Mechanisms underlying anorexia after microinjection of bombesin into the lateral cerebroventricle

Intracerebroventricular (i.c.v.) injections of bombesin (BN) and gastrin-releasing peptide (GRP) dose-dependently decreased food intake in male Wistar rats fasted for 17 h. Neuromedin B (NMB) did not show any effect on food intake. After BN administration, locomotor activity did not significantly change, compared with a vehicle-injected group.
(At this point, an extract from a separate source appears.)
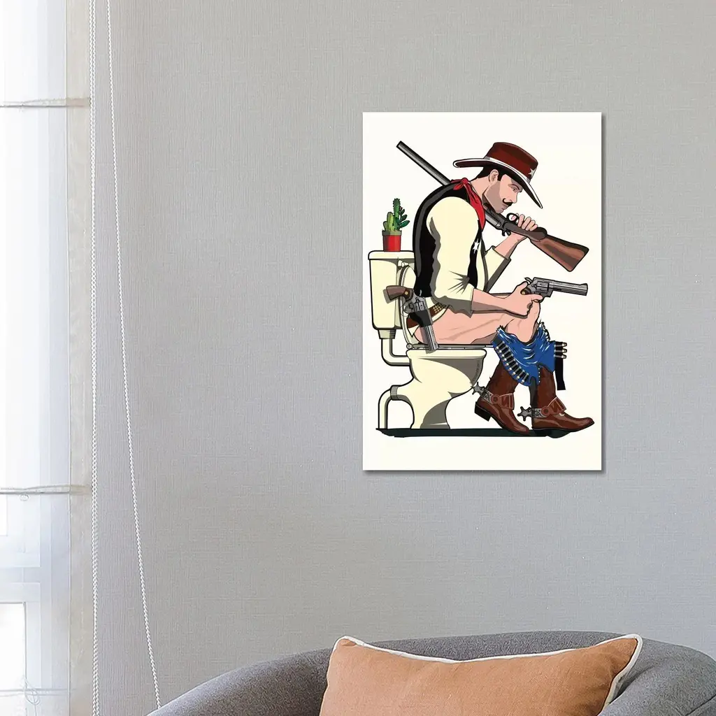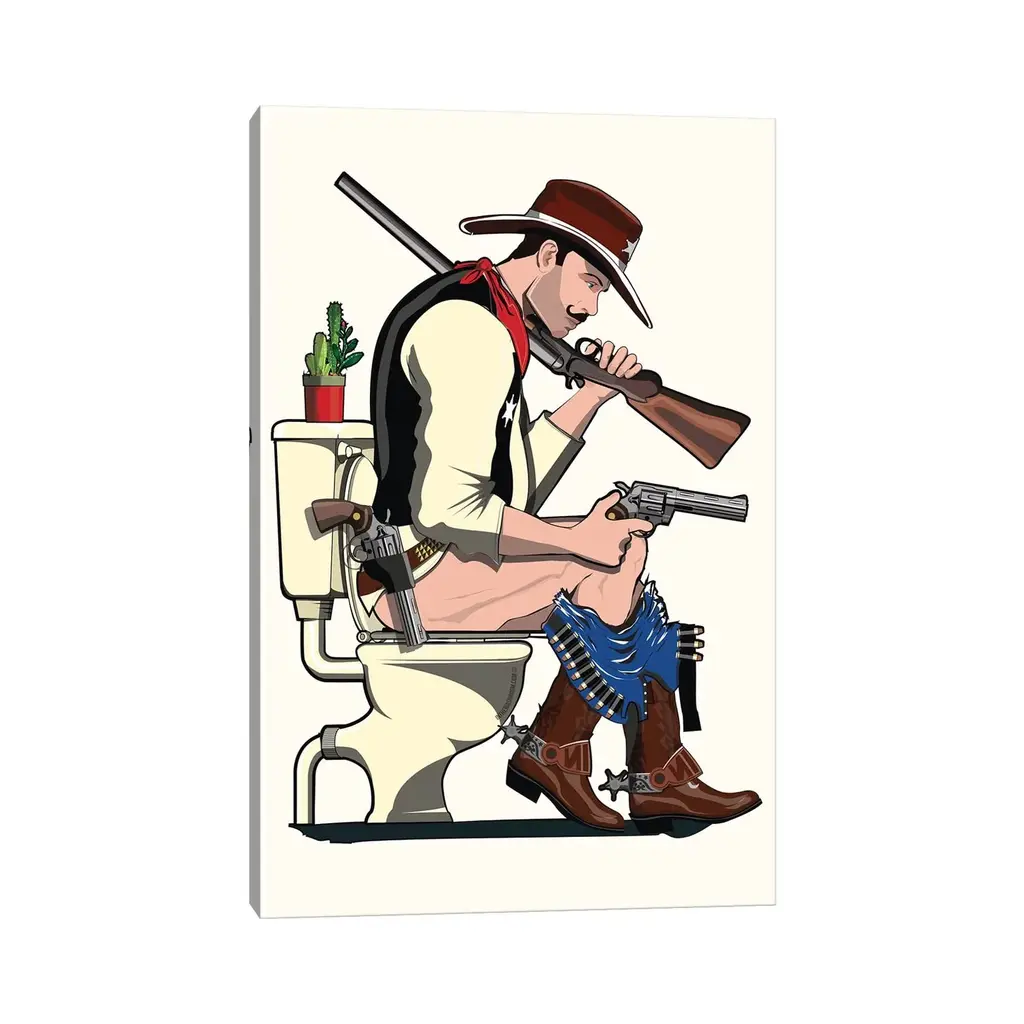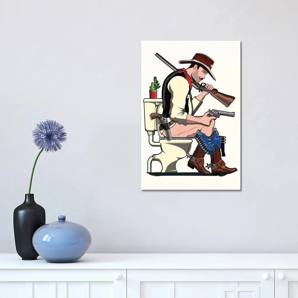 Icanvas "Cowboy On The Toilet" By Wyattdesign Canvas Print - 18x12x1.5

The anorexia induced by BN (0.3 μg) was perfectly inhibited by pretreatment with a GRP-receptor antagonist, [d-Tyr6]BN(6-13) methyl ester (10 μg), an NO synthase inhibitor, l-nitro-arginine (30 μg), and a PKG inhibitor, H-9 (2 μg). The cGMP concentration in the hypothalamus increased 1 h after administration when compared with the vehicle-injected group. On the other hand, an NMB-receptor antagonist, BIM23127 (10 μg), and the protein kinase (PK) C inhibitors, chelerythrine (2 μg) and Gö6983 (2 μg), inhibited only the late phase of the anorexia. A PKC activator, phorbol 12, 13-dibutyrate (3 μg), injected into the ventricle decreased food intake. These findings suggest that BN suppresses food intake mainly mediated through the GRP receptor and NO-cGMP-PKG pathway, and NMB receptor and PKC is partly involved in the late phase of the anorexia.